#### WHAT TO WORK ON
Reproduce the full listing below exactly. Do not include the pictures.

#### DATASET EXCERPT

--------

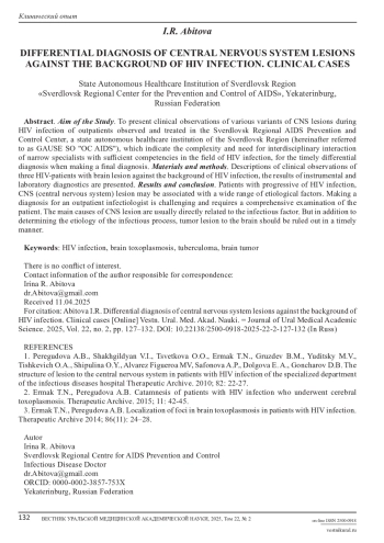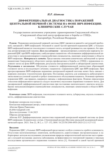 Поражения центральной нервной системы (ЦНС) являются важной и актуальной проблемой, связанной с ВИЧ-инфекцией. Основной и самой частой причиной поражения ЦНС у больных ВИЧ-инфекцией является токсоплазмоз головного мозга, который развивается, как правило, без приема антиретровирусной терапии. Цель исследования – проанализировать клинические варианты поражений ЦНС при ВИЧ-инфекции у амбулаторных пациентов с обоснованием дифференциальной диагностики и междисциплинарного взаимодействия специалистов, имеющих компетенции в области ВИЧ-инфекции. Материалы и методы. Представлены описания клинических наблюдений за тремя пациентами Свердловского областного центра профилактики и борьбы со СПИД с поражением головного мозга на фоне ВИЧ-инфекции, результаты инструментальной и лабораторной диагностики. Результаты и заключение. Обсуждены сложности дифференциальной диагностики образований головного мозга и последующего лечения у пациентов с поражением ЦНС при ВИЧ-инфекции. При прогрессировании ВИЧ-инфекции поражение центральной нервной системы может быть связано с широким спектром этиологических факторов. Постановка диагноза для клинициста амбулаторного звена является сложной задачей и требует комплексного обследования пациента. Основные причины поражения ЦНС, как правило, напрямую связаны с инфекционным фактором. Помимо определения этиологии инфекционного процесса следует исключить опухолевое поражение головного мозга. Для своевременной дифференциальной диагностики при постановке окончательного диагноза целесообразно междисциплинарное взаимодействие специалистов, имеющих компетенции в области ВИЧинфекции.
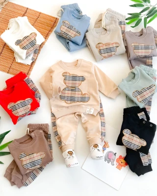 Ekose ayıcık detay omuzdan çıtçıtlı mevsimlik 2li takım Bebek Durağı Bebek ve Çocuk Giyim | Bebek Durağı | bebekduragi.com.tr
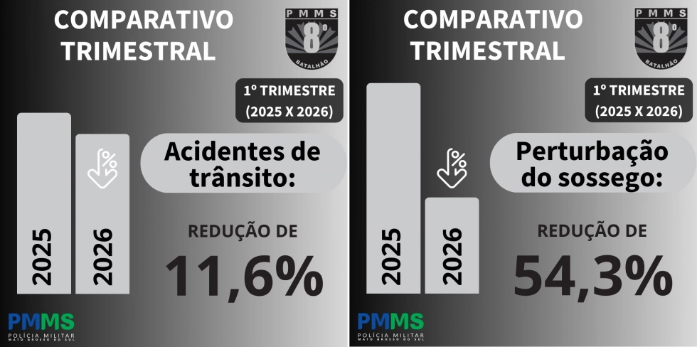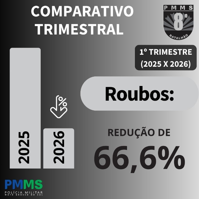 Para a corporação, o balanço do primeiro trimestre reforça o papel da atuação integrada e contínua da Polícia Militar na preservação da ordem pública e na proteção da população sul-mato-grossense.
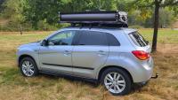 Das Obelink Skyfold 160 ist ein geräumiges Dachzelt für zwei Personen mit einem überdachten Eingangsbereich.

--------

#### PROBLEM SOLUTION
 Поражения центральной нервной системы (ЦНС) являются важной и актуальной проблемой, связанной с ВИЧ-инфекцией. Основной и самой частой причиной поражения ЦНС у больных ВИЧ-инфекцией является токсоплазмоз головного мозга, который развивается, как правило, без приема антиретровирусной терапии. Цель исследования – проанализировать клинические варианты поражений ЦНС при ВИЧ-инфекции у амбулаторных пациентов с обоснованием дифференциальной диагностики и междисциплинарного взаимодействия специалистов, имеющих компетенции в области ВИЧ-инфекции. Материалы и методы. Представлены описания клинических наблюдений за тремя пациентами Свердловского областного центра профилактики и борьбы со СПИД с поражением головного мозга на фоне ВИЧ-инфекции, результаты инструментальной и лабораторной диагностики. Результаты и заключение. Обсуждены сложности дифференциальной диагностики образований головного мозга и последующего лечения у пациентов с поражением ЦНС при ВИЧ-инфекции. При прогрессировании ВИЧ-инфекции поражение центральной нервной системы может быть связано с широким спектром этиологических факторов. Постановка диагноза для клинициста амбулаторного звена является сложной задачей и требует комплексного обследования пациента. Основные причины поражения ЦНС, как правило, напрямую связаны с инфекционным фактором. Помимо определения этиологии инфекционного процесса следует исключить опухолевое поражение головного мозга. Для своевременной дифференциальной диагностики при постановке окончательного диагноза целесообразно междисциплинарное взаимодействие специалистов, имеющих компетенции в области ВИЧинфекции.
 Ekose ayıcık detay omuzdan çıtçıtlı mevsimlik 2li takım Bebek Durağı Bebek ve Çocuk Giyim | Bebek Durağı | bebekduragi.com.tr
 Para a corporação, o balanço do primeiro trimestre reforça o papel da atuação integrada e contínua da Polícia Militar na preservação da ordem pública e na proteção da população sul-mato-grossense.
 Das Obelink Skyfold 160 ist ein geräumiges Dachzelt für zwei Personen mit einem überdachten Eingangsbereich.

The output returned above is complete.